The eligibility criteria for participating households were: being a permanent resident within the HDSS area, residing within a 10‐km radius of one out of five local weather stations, having at least one child at the age of 6 to 23 months, having access to at least 40 square metres of land and a water source for irrigation, and providing informed written consent from the caregiver. The procedures for this study were approved by the Ethical Committee of Heidelberg University (S‐91/2019) and the Ethical Committee of Centre de Recherche en Santé de Nouna (CERS/2020‐6‐098).
Data Collection
2.2
Anthropometric assessments, including weight and height, were conducted twice on children while wearing light clothing, to one decimal point using a calibrated weighing scale (SECA 874, Germany) and an infantometre (SECA 417, Germany). Recumbent length was measured for children below 85 cm in height who were unable to stand. The weight‐for‐height z‐score (WHZ), weight‐for‐age z‐score (WAZ), and height‐for‐age or length‐for‐age z‐score (HAZ) were calculated according to the WHO reference values to determine undernutrition status, including wasting (WHZ < −2), underweight (WAZ < −2), and stunting (HAZ < −2).
Finger‐prick blood samples were collected, and Hb was measured using the HemoCue Haemoglobin 201+ analyser (HemoCue, Radiometer, Denmark). Anaemia was defined as Hb < 11 g/dL. The presence of Plasmodium parasites was assessed through microscopic examination of 3% Giemsa‐stained thick (45 min, pH 7.2) and thin blood film (Olympus CX22 binocular microscope, 100 × 100). To determine parasitaemia, we counted the number of asexual parasites against 200 leucocytes, and parasite density was calculated assuming 8000 leukocytes/μL blood. The body temperature (T) was measured using a digital thermometer, with current fever defined as T ≥ 37.5°C. Caregivers were asked about the participating children's history of fever within the last 2 weeks, and any use of anti‐malarial medication was documented. Clinical malaria was defined as microscopically detected Plasmodium parasites plus current fever or history of fever or currently prescribed anti‐malaria medication. Malarial anaemia was defined as the presence of Plasmodium parasites and Hb < 11 g/dL.

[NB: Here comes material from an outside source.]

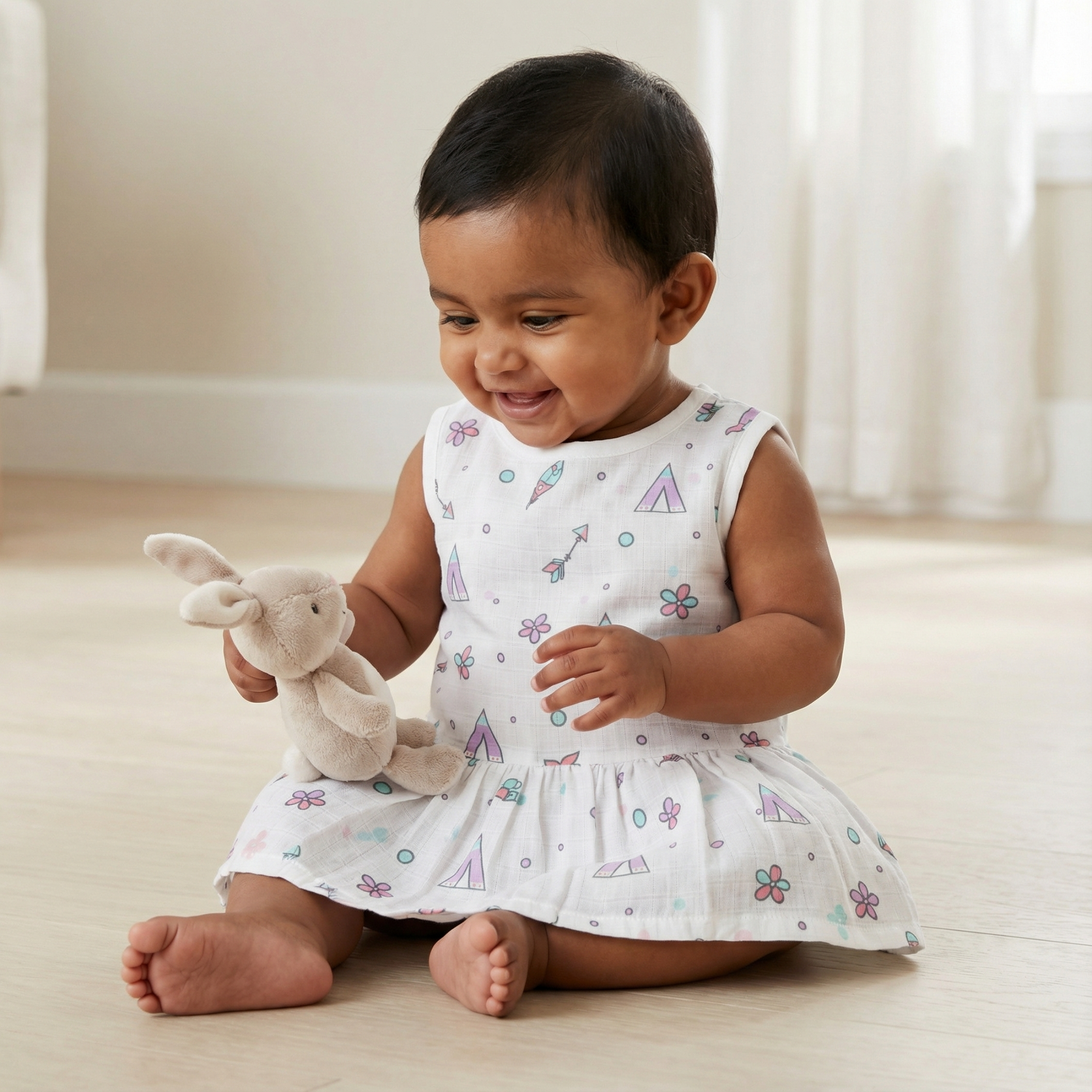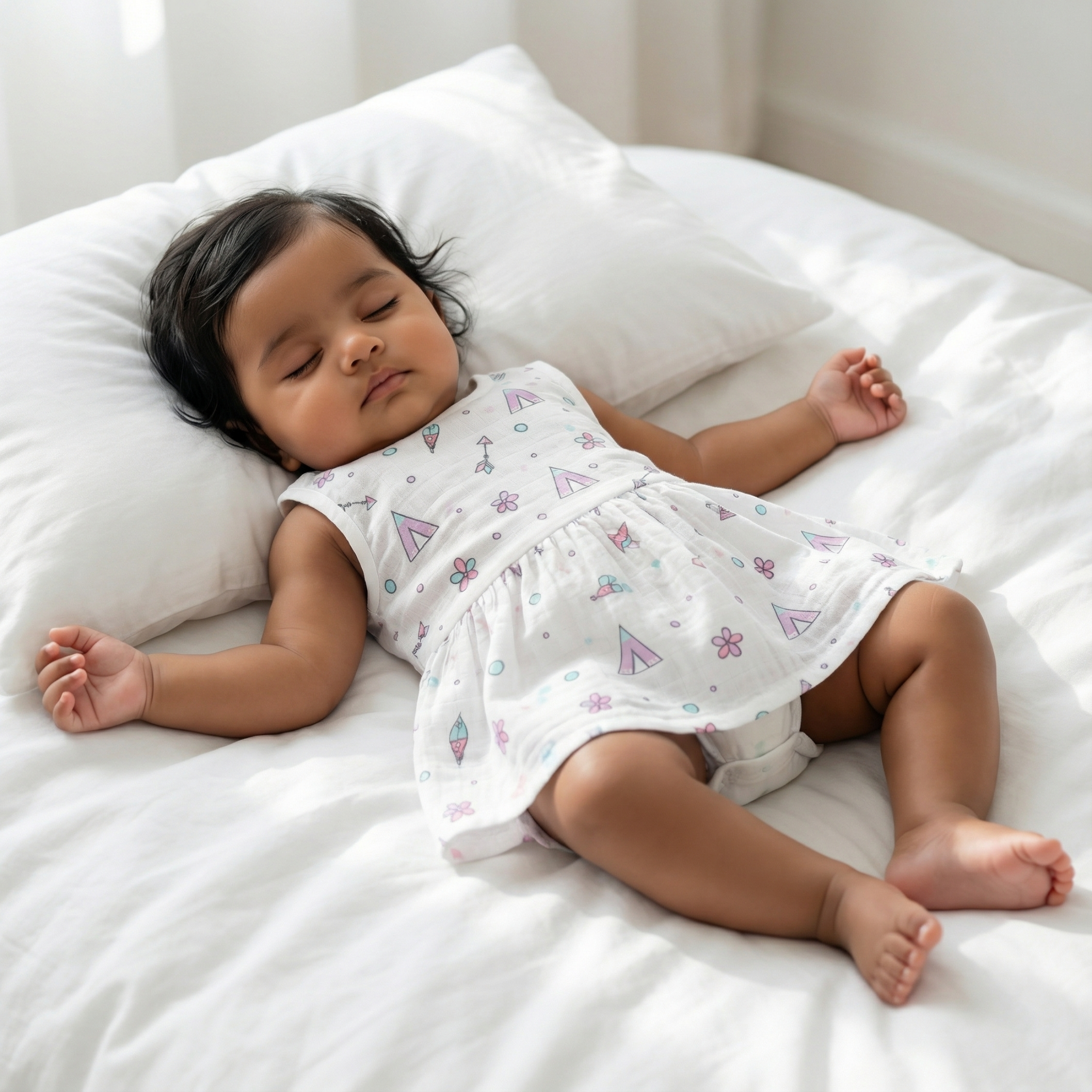 Soft muslin frock designed for baby comfort.

The children's habitual dietary intake over 6 months was assessed by a culturally adapted semi‐quantitative Food Propensity Questionnaire (FPQ) with 134 food items [18]. These food items were collapsed into 29 food groups based on their culinary use and nutrient profiles. The FPQ estimated the intake frequencies in predefined portion sizes, which were then translated into energy and nutrient intakes using the West African Food Composition database (FAO, 2012).
Data Analysis
2.3
The data analysis was performed using STATA version 16 (STATA Corp LLC, Texas, USA). Participants with missing data on any of the dietary variables and malaria‐related variables were excluded from the analysis. Initially, we screened 701 children, and 249 were excluded from the analysis due to missing Plasmodium test and missing FPQ data, resulting in a final sample of 452 children. We did mean imputation on the missing value of the mother's age (n = 204).
For the distributions of malaria‐related variables by gender and for the sociodemographic, anthropometric, and dietary variables by malaria status, the data are displayed as medians and interquartile ranges (IQR) for continuous variables and numbers (proportions) for categorical variables. Chi‐square tests and Mann–Whitney tests were performed to assess the significance of between‐group differences for categorical and continuous variables, respectively.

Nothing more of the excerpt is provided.